The Church of St Wonnow is the parish church of Wonastow, a small rural village 2 mi south-west of Monmouth, south east Wales. It is a Grade II* listed building.

==History and architecture==
St Wonnows derives its name from Saint Wonnow or Winwaloe, a sixth-century saint in Brittany, whose cult was probably brought to Britain by Saint Gwenhael, his successor as abbot of Landévennec. The first church at Wonastow is thought to have been built in the seventh century, when Cynfwr ap Iago gave the church and village to the Diocese of Llandaff.

Parts of the present church are thought to date from the twelfth century. The chancel is in the Perpendicular style, built of Old Red Sandstone and with square-headed windows and cinquefoiled ogee lights.
The roof, supported by four pairs of hammer beams, is of unknown mediaeval date, restored in 1977. Monuments inside the church include one to George Milborne, who died in 1637.
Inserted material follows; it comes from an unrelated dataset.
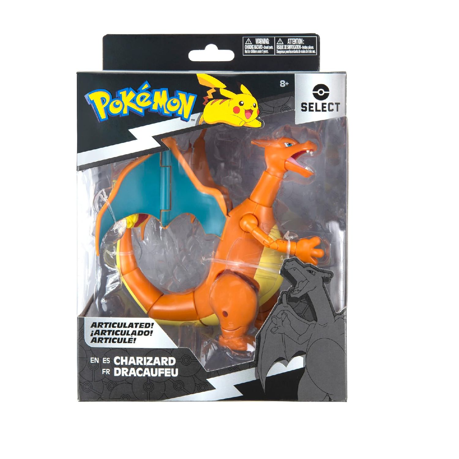 Elige a Charizard, el Pokémon de fuego. Esta figura de 15 cm sumamente detallada presenta más de 15 puntos de articulación. También incluye un accesorio especial para posar en el brazo, por lo que se puede exhibir de varias maneras. ¡Esta figura de 15 cm con súper articulación viene en un empaque Select negro y plateado y parece que salió volando de la serie animada Pokémon! ¡Producto Pokémon con licencia oficial de Jazwares!

The entire building was heavily restored in the 1860s, and the tower is dated 1865. Further restoration was undertaken in the 1880s, through gifts by Sir John and Lady Adela Searle after they came to live at nearby Wonastow Court. They also provided a new porch in 1909, and a rood screen and reredos in 1913, as well as stained glass windows and a new altar.

==The church today==
Although only small numbers attend the weekly service, there is a great deal of regard and affection for the church by the wider community as witnessed by the successful restoration programme in recent years. The church is normally locked but visitors can obtain the key locally by prior arrangement with the Vicar.